COS 125-2 - Leveraging functional diversity among grass lineages to enhance the representation ecological behavior in earth system models

Thursday, August 10, 2017: 8:20 AM
B118-119, Oregon Convention Center
Daniel Griffith1, Christopher J. Still2, Caroline E. R. Lehmann3, Jesse B. Nippert4, Erika J. Edwards5, T. Michael Anderson6, Stephanie Pau7, Mark Ungerer4, Fan Qiu4, Seton Bachle8, Elisabeth J. Forrestel9, Caroline Strömberg10, Lila Leatherman11, Lyla Taylor12, David Beerling12 and Colin P. Osborne13, (1)Forest Ecosystems and Society, Oregon State University, Corvallis, OR, (2)Department of Forest Ecosystems and Society, Oregon State University, Corvallis, OR, (3)University of Edinburgh, United Kingdom, (4)Division of Biology, Kansas State University, Manhattan, KS, (5)Ecology and Evolutionary Biology, Brown University, Providence, RI, (6)Biology, Wake Forest University, Winston Salem, NC, (7)Geography Department, Florida State University, Tallahassee, FL, (8)Biology, Kansas State University, (9)Ecology and Evolutionary Biology, Yale University, New Haven, CT, (10)Division of Biology, University of Washington, Seattle, WA, (11)Oregon State University, Corvallis, OR, (12)Department of Animal and Plant Sciences, University of Sheffield, Sheffield, United Kingdom, (13)University of Sheffield, United Kingdom

Process-based vegetation models often represent functional diversity in natural grasslands with two plant functional types (FPTs), based on key differences between grasses using the C3 or C4 photosynthetic pathways. C4 grasses dominate in (sub)tropical grasslands and savannas while C3 grasses dominate in temperate and cold climates. Grasslands and savannas cover some 40 % of the Earth’s terrestrial surface and dominance by C4 versus C3 grasses has major consequences for gross primary productivity and ecosystem structure and function. Recent global-scale studies highlight that functional trait variation within biomes arises from evolutionary histories that vary biogeographically, leading to species with differing ecological behavior. Only around 600 of the roughly 11,000 grass species are ecologically dominant and these species cluster phylogenetically into two C4 lineages and one C3 lineage. Beyond their photosynthetic types, these lineages have key differences such that they occupy different climates, and are unlikely to have a uniform response to future climate. We argue for greater consideration of evolutionary history due to the phylogenetic constraints on traits within lineages and where different lineages dominate in different regions. We assessed grass PFTs in a selection of three modern vegetation models by comparing fore/hind-casts of C4 grass distributions to vegetation plot data and isotope proxies. Then, we used a global dataset of grassland botanical records to delineate the distributions of each lineage. Finally, we developed a set of parameters, from the literature, describing the functional attributes of each grass lineage.
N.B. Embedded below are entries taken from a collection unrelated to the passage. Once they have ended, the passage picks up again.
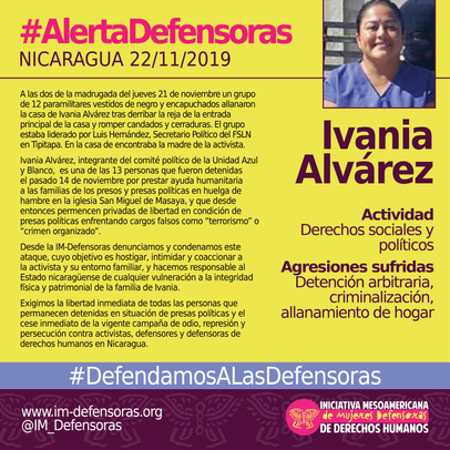 HECHOS - A las dos de la madrugada del jueves 21 de noviembre un grupo de 12 paramilitares vestidos de negro y encapuchados allanaron la casa de Ivania Alvárez tras derribar la reja de la entrada principal de la casa y romper candados y cerraduras. El grupo estaba liderado por Luis Hernández, Secretario Político del FSLN en Tipitapa. En la casa de encontraba la madre de la activista.
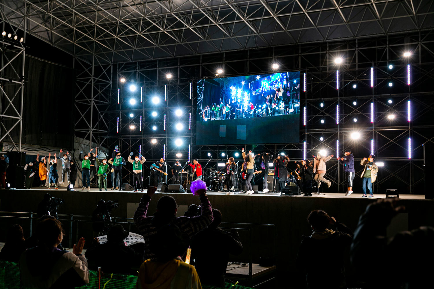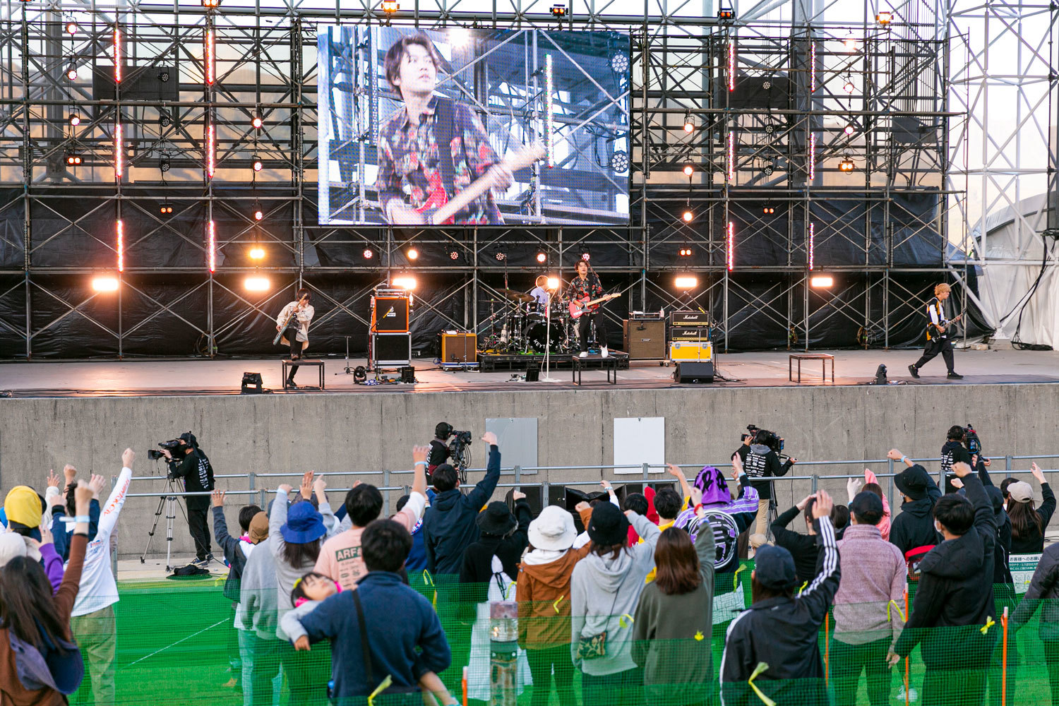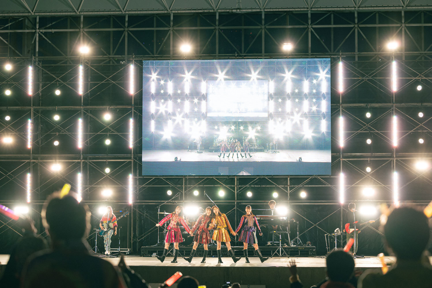 すでに日が落ちて冷気が増してきた客席に4色のペンライトが揺れる。そして、最後に歌われた曲は、この日最大のサプライズだった。
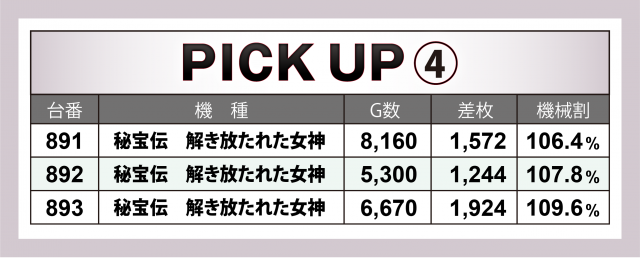 今回、20スロではトータル差枚で+70,824枚・4パチの取材対象では+37,330発となり、両翼揃った快勝に終わった。前述したように、12/29に実施された「英雄」取材でも大勝利を収めており、そちらを合わせると「ヒーローズレポート」は4回実施で無傷の4連勝。習志野でプレイするなら同店で間違いないだろう。
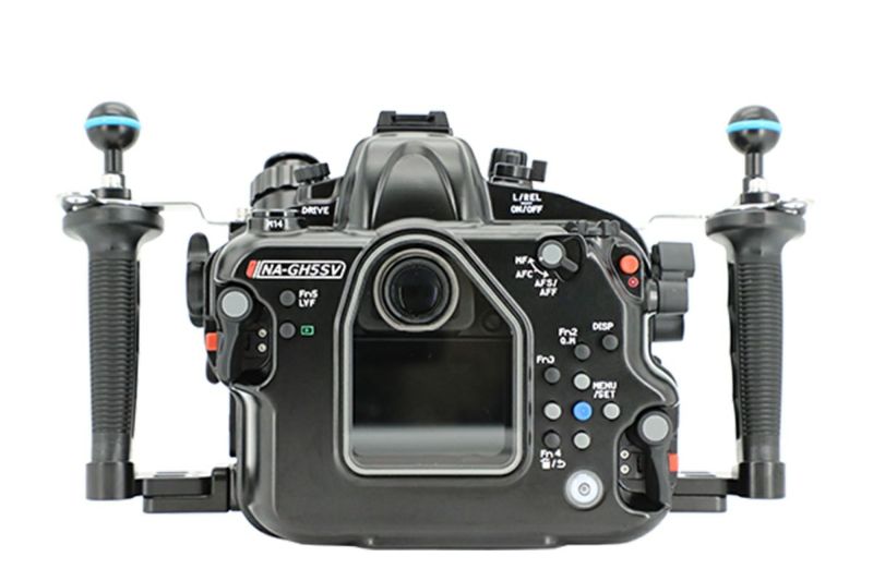 選べるストロボ発光パターン 外部ストロボとの接続は「TTL調光」と「連写可能なマニュアル発光」を選択できます。いずれもオプションのストロボ/トリガーが必要です。 【TTL調光】Panasonic DMW-FL70(左上) カメラ側の設定でマニュアル発光も可能です。オープン価格 【マニュアル発光】NA ミニマニュアルフラッシュトリガーGH5(右下) 連写回数はストロボの設定と撮影環境によって変わります。税込\31,680 前傾グリップ装備 ベーストレー、グリップ、ブラケット、ボールジョイントベースを標準装備。安定した自然な姿勢で動画撮影ができるよう左右のグリップを前傾させてあります。 等倍ビューファインダーに換装可能 オプションの『NAスーパービューファインダー180IIM』および『NAスーパービューファインダー45IIM』に対応。ユーザーご自身で簡単に換装できます。 ホワイトバランス/ISOコントロール ホワイトバランスとISOの両方にアクセスできるコンボレバーは右手グリップの下に配置されています。動画撮影の要となるこの2つの設定コントロールをグリップから手を離すことなく右手親指で素早く操作できます。 本格的な動画撮影に対応 4K/60p対応の高画質ムービー撮影をサポートするためのオプションを用意。 写真のハウジング下部3カ所のボールジョイントは『NAレッグマウントボールセットG』です。 HDMI 2.0対応 4K/60P 4:2:2 10bitのHDMI出力に対応したM28サイズの大型アクセサリーポートを装備。高ビットレートで『NA Ninja V』などの外部レコーダーに収録できます。 ※旧製品『NA GH5』から『NA GH5SV』への改造を承ることはできません。 オプション 材質 耐腐食アルミ合金、耐摩擦性ポリカーボネート 耐圧水深 100m サイズ W331×H192×D124mm 重量 2520g ポートサイズ N85 ストロボ接続* 光ファイバー接続パネル 付属品 ダイレクトベースX2、スペアOリング、Oリングリムーバー、Oリンググリス、CR2450電池、六角レンチセット、ボディキャップ、キャリングバッグ、光ファイバーアダプター穴キャップx2 外部ストロボとの同調にはオプションの『NAミニマニュアルフラッシュトリガーGH5』またはパナソニック純正「DMW-FL70」が必要です 仕様は予告なく変更する場合があります。予めご了承ください。 専用ギアについて 本機にて「Olympus M.ZUIKO DIGITAL ED 12-50mm F3.5-6.3 EZ」ズームレンズを『NA EO1250フラットポート』と組み合わせて使用される場合は、 ・専用のズームギア『NA-O1250PG-Z』 ・従来のズームギア『NA-O1250P-Z』+別売の換装部品『NA-O1250PGZギアパーツ』 のいずれかが必須となります。 ■NA-O1250PZギアパーツ 上記、専用ズームギア『NA-O1250PG-Z』を他機NAハウジングで使用される場合は、 ・別売の換装部品『NA-O1250PZギアパーツ』が必須となります。 本機にて「Panasonic LUMIX G X VARIO PZ 14-42mm F3.5-5.6 ASPH. POWER O.I.S.」レンズを使用される場合は、 ・専用のズームギア『NA-P1442XG-PZ』が必須となります。他機NAハウジングで使用するための換装部品はありません。 いずれも製品名称がよく似ていますので、お求めの際はお間違いのないようご注意願います。 オプション N85ポート バキュームバルブ スーパービューファインダー180IIM スーパービューファインダー45IIM Ninja V フラッシュトリガーGH5 ユニバーサルOPファイバー レッグマウントボールセットG WWL-1 CMC-1

The global vegetation models compared in this study differed substantially in their predictions of C3 and C4 grass dominated vegetation as well as from the distribution of modern vegetation. We found that across a spectra of physiological, structural, biochemical, optical, as well as disturbance related (e.g., fire) and phenology related traits there was wide variation among lineages. Indeed, lineage explained more trait variation among grass species than did photosynthetic type categories. We relate the functional parameters of each lineage to their niche and found that the addition of functional variation among groups of species with shared evolutionary histories will be an important advance in Earth System modeling of grass-dominated biomes. We discuss these findings in the context of functional trait ecology and provide suggestions for implementing our approach in other PFTs and biomes.